Suddenly self-conscious, I tug down the hem of my shirt. The motion seems to snap Molly out of it too, because she pulls her robe together in the front and crosses her arms.
“I want the dolls out of the house,” I demand again, trying to forget about all of Molly’s skin, right there in front of me, almost within reach.
“Then move your kitchen setup to the penthouse.”
“The…penthouse?” I say, surprised by the idea.
“It has a sink,” she says. “And a small fridge and oven. It makes way more sense than the middle of the main floor.”
I’d completely forgotten about the kitchenette in our old apartment.
Or maybe I hadn’t so much forgotten it as intentionally pushed it out of mind.

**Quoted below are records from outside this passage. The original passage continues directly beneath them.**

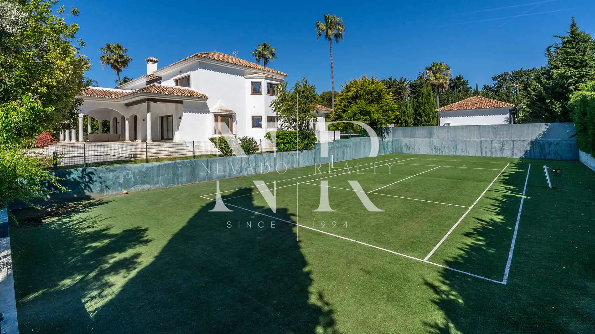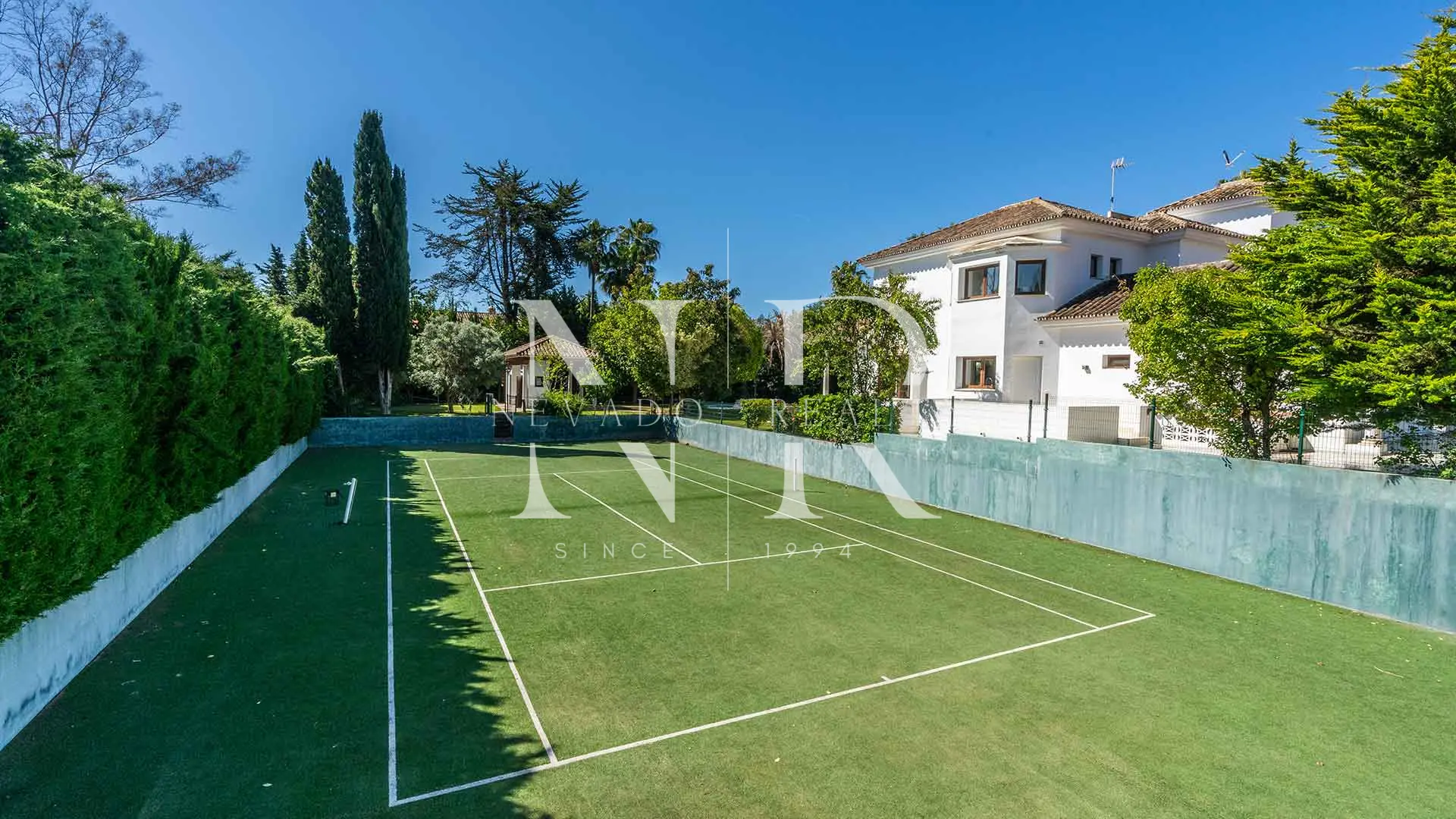 À l’extérieur, la propriété dispose d’une grande piscine entourée de verdure, idéale pour profiter du soleil tout au long de l’année. Parmi les installations les plus remarquables, on trouve un court de tennis privé, un gymnase moderne et une vaste allée avec portail automatique, pouvant accueillir plusieurs véhicules. Cette villa représente une rare opportunité d’acquérir une résidence haut de gamme dans l’un des quartiers les plus exclusifs de Marbella, avec toutes les commodités à portée de main et à deux pas de la Méditerranée.
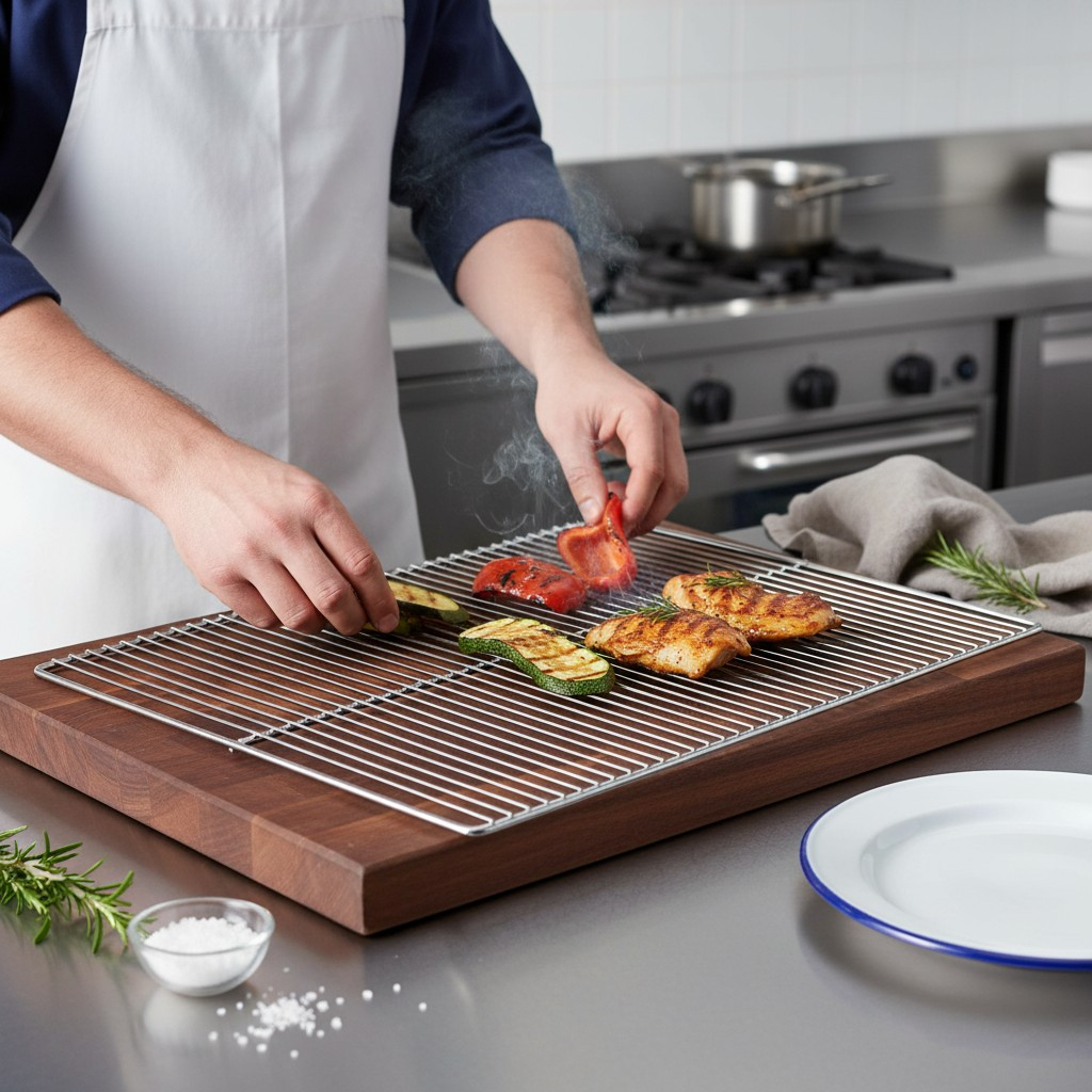 A de Buyer Grillrács rozsdamentes acélból készült, amely ellenáll a korróziónak és könnyen tisztítható. Ez az anyag biztosítja, hogy a grillrács hosszú távon is megőrizze eredeti állapotát, így rendszeres használatra is tökéletes választás.
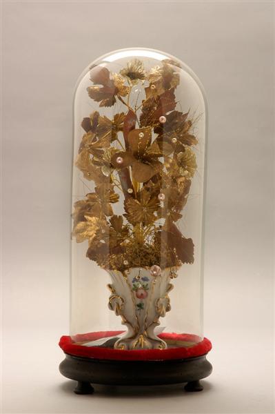 Stolp met wit porseleinen rozenvaasje met bloemen.
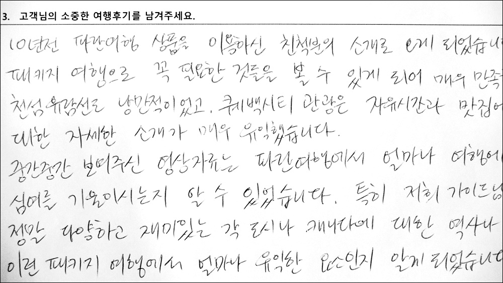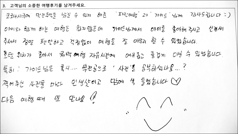 ‘파란여행’을 이용하신 고객님들의 소중한 후기입니다.
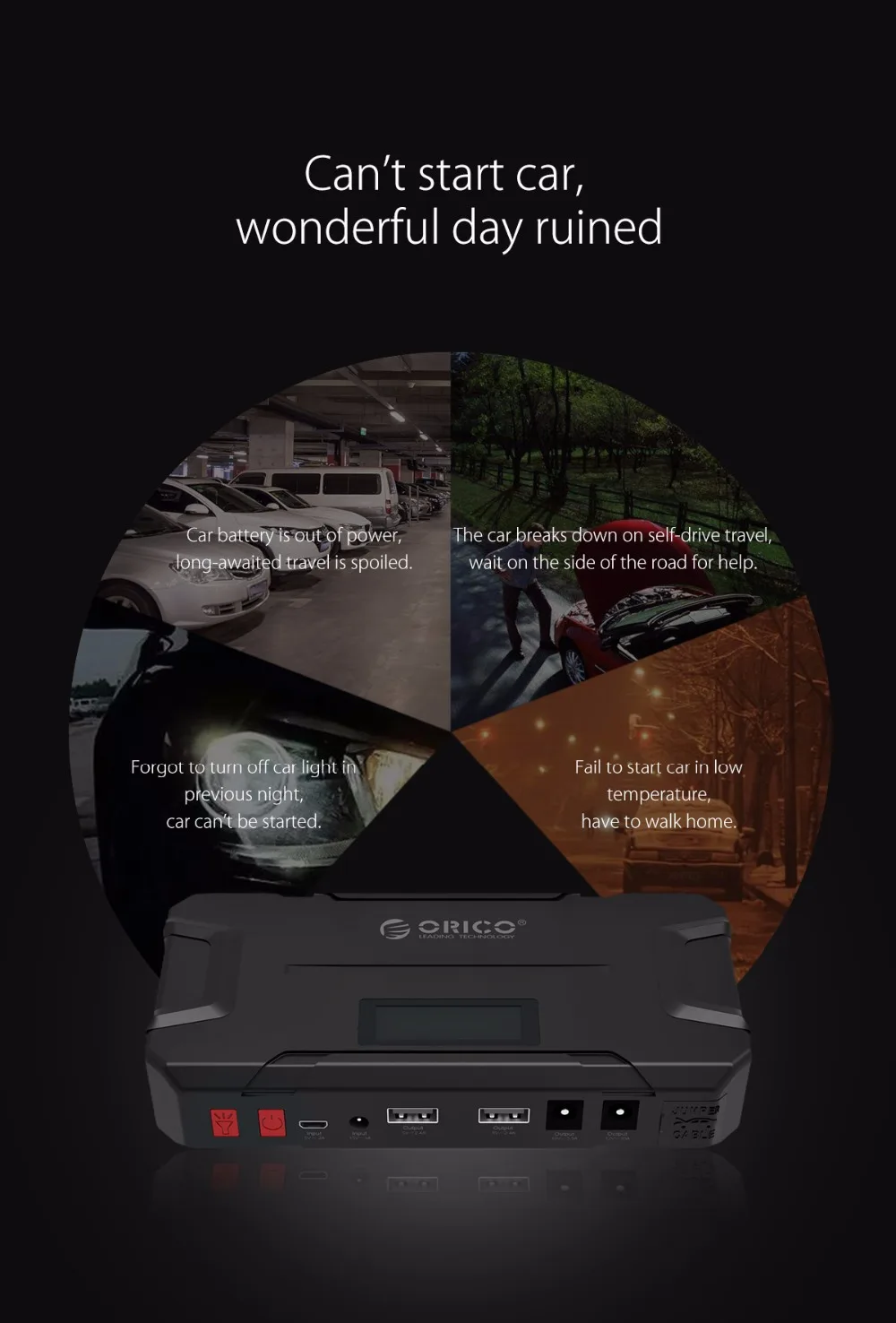 ORICO CS2 12000mAh Mini Emergency Power Bank Portable Mobile Battery Emergency Booster Buster Power Bank For Phone Laptop Car
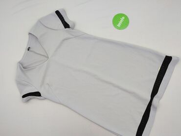 Sukienka damska w kolorze jasnoszarym. - Krój: luźny, prosty top z efektowną falbaną u dołu (asymetryczne wykończenie). - Rękawy: krótkie. - Dekolt: okrągły. - Zapięcie: z tyłu na mały guzik. - Dł...
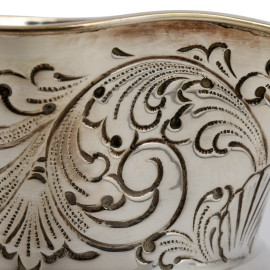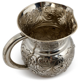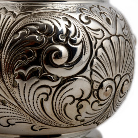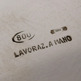 Versatoio in argento 800/000 punzone 1333MI finemente cesellato e sbalzato a volute vegetali, altezza cm 17,5, peso gr 570
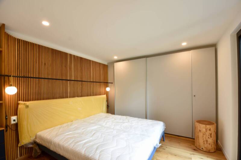 Questo appartamento sarà consegnato parzialmente arredato, incluse la camera da letto, il soggiorno e la cucina. Pavimenti in legno di alta qualità in stile rustico e eleganti piastrelle in ceramica nei bagni creano un'atmosfera elegante e accogliente. Le tapparelle elettriche alle finestre offrono ulteriore comfort e sicurezza. La connessione internet in fibra ottica ad alta velocità garantisce un'eccellente connettività.
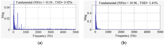 On the other hand, Figure 10 shows the FFT analysis of the source current after connecting the SAPF. It is clear that SAPF using the proposed current control scheme (with the FLC controller) has effectively reduced the high THD value of the source current from 25.60% to 0.92%. Meanwhile, SAPF without the FLC controller performs poorly with a THD value of 1.41%. In other words, by using the proposed FLC-based current control scheme, the THD value of the source current can be further reduced by 0.49%.
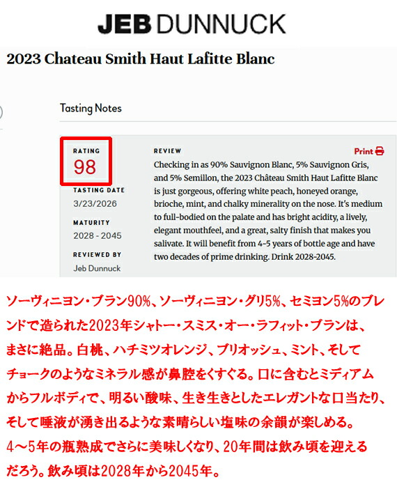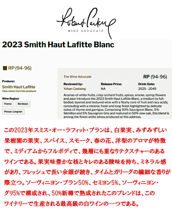 著書[死ぬ前に飲むべき1001ワイン]で【ラフィット】【マルゴー】【最高の白グラーヴ】夢のような言葉とともに大絶賛!!!
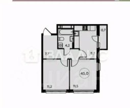 • Общая площадь — 44 м²
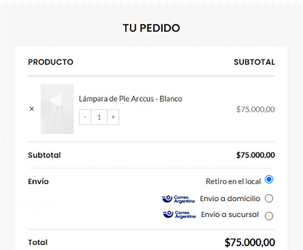 Además, podés sumar opciones como retiro en el local o envío con cadetería en tu zona.

From the moment I returned to the Hummingbird, I put mental Caution, Do Not Enter tape around that whole floor, assuming the air up there was still toxic from all the fighting Molly and I did before I left.
Or, even worse, that seeing it could trigger a flood of memories about the good days.
And seeing Molly like this, half-dressed with pillow creases on her cheek and teal-streaked hair in a frizzy bird’s nest atop her head, already has me hella confused.
“I’ll think about it,” I concede. “But only if the dolls disappear, like, right now.”
“Fine.” Molly shifts from one bare foot to the other.
It seems like she’s waiting for me to go downstairs first, but I haven’t forgotten about that creepy sailor doll outside my door.
No way am I going near that thing again.
Recognizing my refusal to budge, Molly rolls her eyes and bends down to gather up the dolls in the bundle of sheets.
Her robe shifts up, and before I can avert my eyes from possibly seeing the demon toys as she knots the sheet into a bundle, my gaze snags on the stained-glass tattoos at the top of her thighs.
God, I’m even more drawn to her body at thirty-five than when we met at twenty-two.
But I won’t let my distraction keep me from getting back at Molly for the doll thing—which is easier to say once I’m on the second floor and she’s out of sight. This was an act of war.